Simultaneously with the opening of the exhaust valves 16 The exhaust valves are associated with the two cylinders near top dead center 16 opened, which is associated with the two cylinders are after the bottom dead center (BDC = Bottom Dead Center). Preferably, this event occurs at about 30 degrees crank angle after bottom dead center, and the exhaust valves associated with the two cylinders that are after bottom dead center are preferably kept open for about 30 degrees crank angle so that the pressure in each of the two cylinders, which are after the bottom dead center, due to the backfilling of the exhaust gases from the manifold 13 is increased in these cylinders.

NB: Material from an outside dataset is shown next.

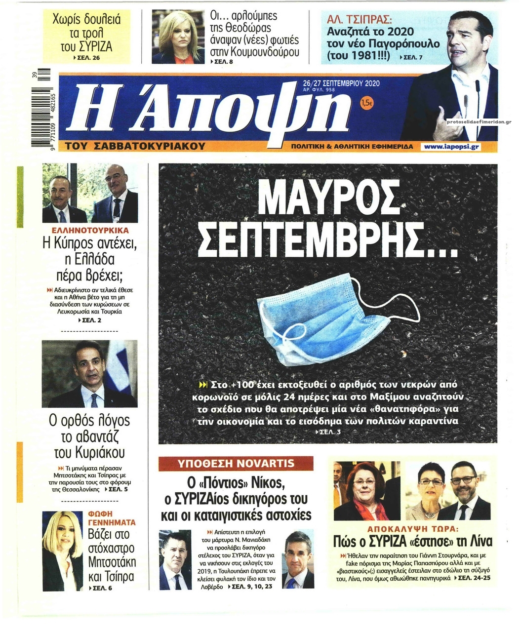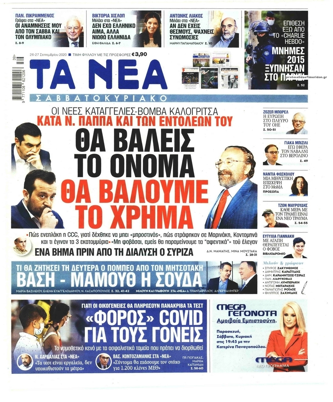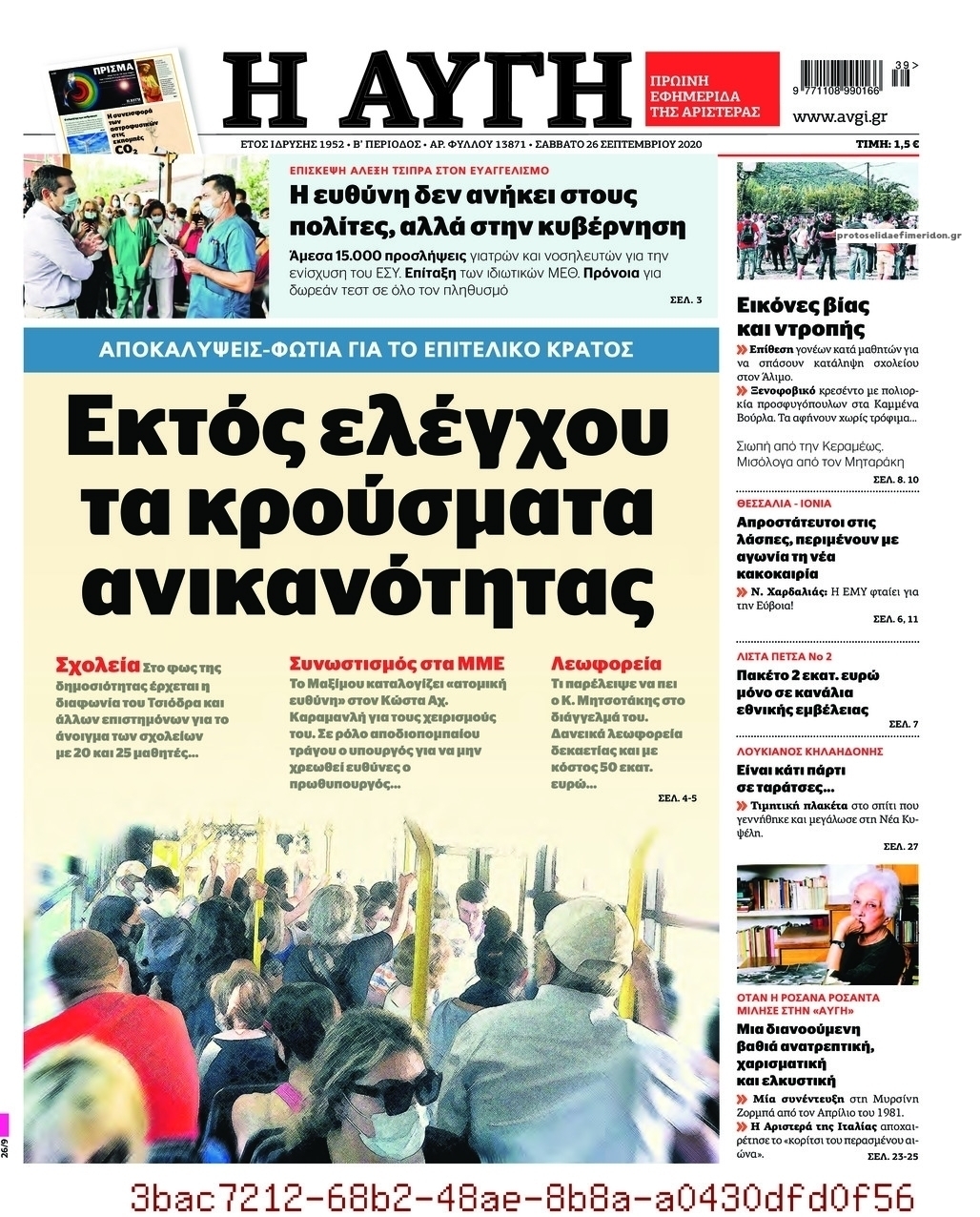 NewsMEDIASLIDER Διαβάστε όλα τα πρωτοσέλιδα των πολιτικών εφημερίδων του Σαββάτου 26 Σεπτεμβρίου 2020 FacebookTwitterEmailViberWhatsAppCopy URLΤυπώνω Διαβάστε όλα τα πρωτοσέλιδα των πολιτικών εφημερίδων του Σαββάτου 26 Σεπτεμβρίου. Πλήρης ενημέρωση με μια γρήγορη ματιά!

The timing and duration of the opening of each exhaust valve is controlled by the control unit 159 given what a signal to each piezoelectric motor 158A . 158B . 158C . 158D . 158E or 158E sends (the one with the corresponding cylinder 11A to 11F is associated). Any piezoelectric motor 158A to F in turn drives the corresponding piston valve 156A . 156B . 156C . 156D . 156E or 156E from the first position P1 to the second position P2, in turn to the corresponding valve actuation system 10A . 10B . 10C . 10D . 10E or 10F to operate as above with reference to 1 discussed.

As in 6 seen in a double cycle braking condition according to the method of the present invention, the following pair of cylinders will have identical exhaust valve opening schedules in a typical 6 cylinder engine with a firing order of 1, 5, 3, 6, 2, 4: 1 and 6; 2 and 5; 3 and 4.

As in 7 The exhaust valves can be seen in a 4-stroke braking mode according to the method of the present invention 16 opened from each cylinder twice during the compression stroke, ie once at approximately 30 degrees crank angle after bottom dead center for a period of approximately 30 degrees crank angle, and once at approximately 30 degrees crank angle before top dead center for a period of approximately 60 degrees crank angle.

Claims (4)

Compression braking method or engine brake of an internal combustion engine ( 12 ), the engine ( 12 ) a variety of combustion chambers ( 11A - F ), with each combustion chamber ( 11A - F ) works in a cycle that has inlet, compression, power and outlet parts and in flow connection with the outlet valve ( 16 ) that is movable between an open position and a closed position to selectively move the respective combustion chamber ( 11A - F ) in flow connection with a common outlet manifold ( 13 ), the method comprising the following steps: opening a first outlet valve ( 16 ) in flow connection with a first combustion chamber ( 11A - F ) at a time corresponding to a condition with substantially maximum pressure in the first combustion chamber ( 11A - F ) approximately at the end of the compression part of the operating cycle of the first combustion chamber ( 11A - F ); Open a second exhaust valve ( 16 ) in flow connection with a second combustion chamber ( 11A -F) at about the same time as the first exhaust valve 16 is opened and at a time essentially corresponds to a state with minimal pressure in the second combustion chamber ( 11A - F ) approximately at the beginning of the compression part of the operating cycle of the second combustion chamber ( 11A - F ); and characterized by holding at least a third exhaust valve ( 16 ) in flow connection with a third combustion chamber ( 11A - F ) in the closed position for a period of time during which either the first exhaust valve or the second exhaust valve is in its open position. The method of claim 1, wherein the opening of the first exhaust valve ( 16 ) at a time corresponding to approximately 30 degrees crank angle before top dead center for a duration of approximately 60 degrees crank angle during the compression part of the operating cycle of the first combustion chamber ( 11A - F ) occurs. A method according to claim 1 or 2, wherein the opening of the second exhaust valve ( 16 ) at a time corresponding to approximately 30 degrees crank angle after bottom dead center for a period of approximately 30 degrees crank angle during the compression part of the operating cycle of the second combustion chamber ( 11A - F ) occurs. A method according to any one of claims 1 to 3, wherein the opening of the second exhaust valve ( 16 ) allows a pressure wave from the first combustion chamber ( 11A - F ) escapes to essentially the pressure inside the second combustion chamber ( 11A - F ) to raise.